## WHAT YOU ARE ASKED TO DO
Write out the records beneath this line exactly as they appear, minus any images.

## RECORDS SUPPLIED
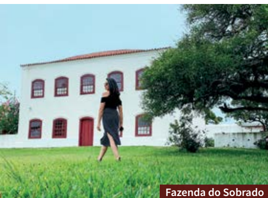
Fazenda do Sobrado

➤ Hotel das Figueiras: Com vista privilegiada para a Praia das Nereidas, tem área com piscina e ampla sala de café da manhã, com televisão e espaço para tomar chimarrão. Informações e reservas aqui
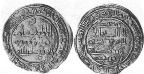
Dirham y dinar del segundo reinado de Hišām II del año 403 H. Fotos nº 13 y nº 14.

El 4 por pasar awwāl del 403 (8 mayo 1013) los cordobeses sufrieron una grave derrota y el qādī Ibn Dakwān se presentó ante Sulayman pidiendo el aman para los cordobeses que les fue concedido al hacer un fuerte pago de dinero.
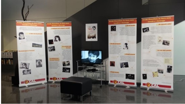
Mostra de l'exposició. Consta de 4 plafons autoenrotllables que poden col·locar-se en qualsevol espai. També està disponible en format lona per penjar.

El préstec és gratuït, tan sols es demana una quantitat simbòlica en concepte de fiança que és retornada un cop es retornen els materials.
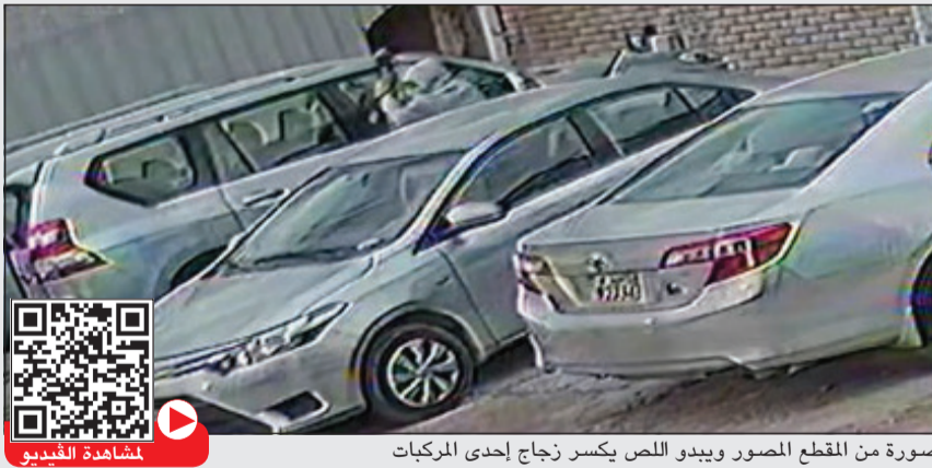
صورة من المقطع المصور ويبدو اللص يكسر زجاج إحدى المركبات
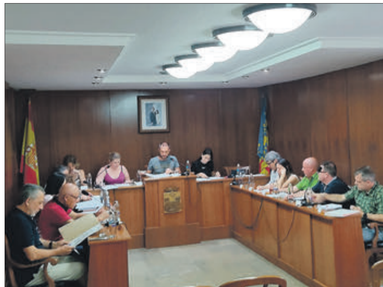
La Corporació va celebrar el Ple d'Organització.
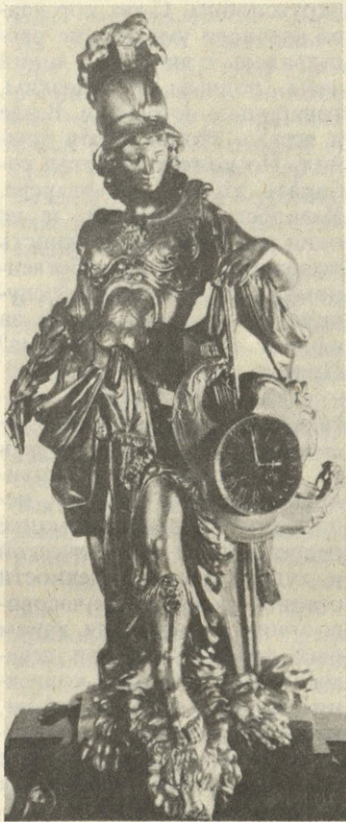
Каминные часы «Афина Паллада». Бронза, мрамор. XVIII в. Франция

## RESPONSE AREA
Fazenda do Sobrado

➤ Hotel das Figueiras: Com vista privilegiada para a Praia das Nereidas, tem área com piscina e ampla sala de café da manhã, com televisão e espaço para tomar chimarrão. Informações e reservas aqui
Dirham y dinar del segundo reinado de Hišām II del año 403 H. Fotos nº 13 y nº 14.

El 4 por pasar awwāl del 403 (8 mayo 1013) los cordobeses sufrieron una grave derrota y el qādī Ibn Dakwān se presentó ante Sulayman pidiendo el aman para los cordobeses que les fue concedido al hacer un fuerte pago de dinero.
Mostra de l'exposició. Consta de 4 plafons autoenrotllables que poden col·locar-se en qualsevol espai. També està disponible en format lona per penjar.

El préstec és gratuït, tan sols es demana una quantitat simbòlica en concepte de fiança que és retornada un cop es retornen els materials.
صورة من المقطع المصور ويبدو اللص يكسر زجاج إحدى المركبات
La Corporació va celebrar el Ple d'Organització.
Каминные часы «Афина Паллада». Бронза, мрамор. XVIII в. Франция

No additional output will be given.